Required action | Output only the stretch of the listing that starts at the line containing "Private house in" and ends at the line containing "подсолнечным маслом |", reproduced exactly with both ends.

Material provided |
BEGIN
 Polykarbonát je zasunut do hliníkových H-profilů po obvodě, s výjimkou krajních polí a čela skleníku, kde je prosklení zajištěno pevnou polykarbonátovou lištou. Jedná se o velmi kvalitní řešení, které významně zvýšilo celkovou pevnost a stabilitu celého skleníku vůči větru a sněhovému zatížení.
END
BEGIN
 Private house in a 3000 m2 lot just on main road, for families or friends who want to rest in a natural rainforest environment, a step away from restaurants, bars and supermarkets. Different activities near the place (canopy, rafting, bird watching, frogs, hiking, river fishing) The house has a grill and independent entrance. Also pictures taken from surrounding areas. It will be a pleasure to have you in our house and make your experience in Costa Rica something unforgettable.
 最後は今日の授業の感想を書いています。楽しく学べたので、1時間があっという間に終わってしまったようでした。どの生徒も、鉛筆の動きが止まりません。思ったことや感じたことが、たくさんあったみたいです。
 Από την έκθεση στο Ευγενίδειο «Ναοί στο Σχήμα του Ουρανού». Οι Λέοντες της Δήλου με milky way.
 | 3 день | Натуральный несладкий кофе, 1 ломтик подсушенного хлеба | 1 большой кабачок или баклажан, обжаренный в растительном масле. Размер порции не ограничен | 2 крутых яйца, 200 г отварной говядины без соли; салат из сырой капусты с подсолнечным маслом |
END
Written response |
 Private house in a 3000 m2 lot just on main road, for families or friends who want to rest in a natural rainforest environment, a step away from restaurants, bars and supermarkets. Different activities near the place (canopy, rafting, bird watching, frogs, hiking, river fishing) The house has a grill and independent entrance. Also pictures taken from surrounding areas. It will be a pleasure to have you in our house and make your experience in Costa Rica something unforgettable.
 最後は今日の授業の感想を書いています。楽しく学べたので、1時間があっという間に終わってしまったようでした。どの生徒も、鉛筆の動きが止まりません。思ったことや感じたことが、たくさんあったみたいです。
 Από την έκθεση στο Ευγενίδειο «Ναοί στο Σχήμα του Ουρανού». Οι Λέοντες της Δήλου με milky way.
 | 3 день | Натуральный несладкий кофе, 1 ломтик подсушенного хлеба | 1 большой кабачок или баклажан, обжаренный в растительном масле. Размер порции не ограничен | 2 крутых яйца, 200 г отварной говядины без соли; салат из сырой капусты с подсолнечным маслом |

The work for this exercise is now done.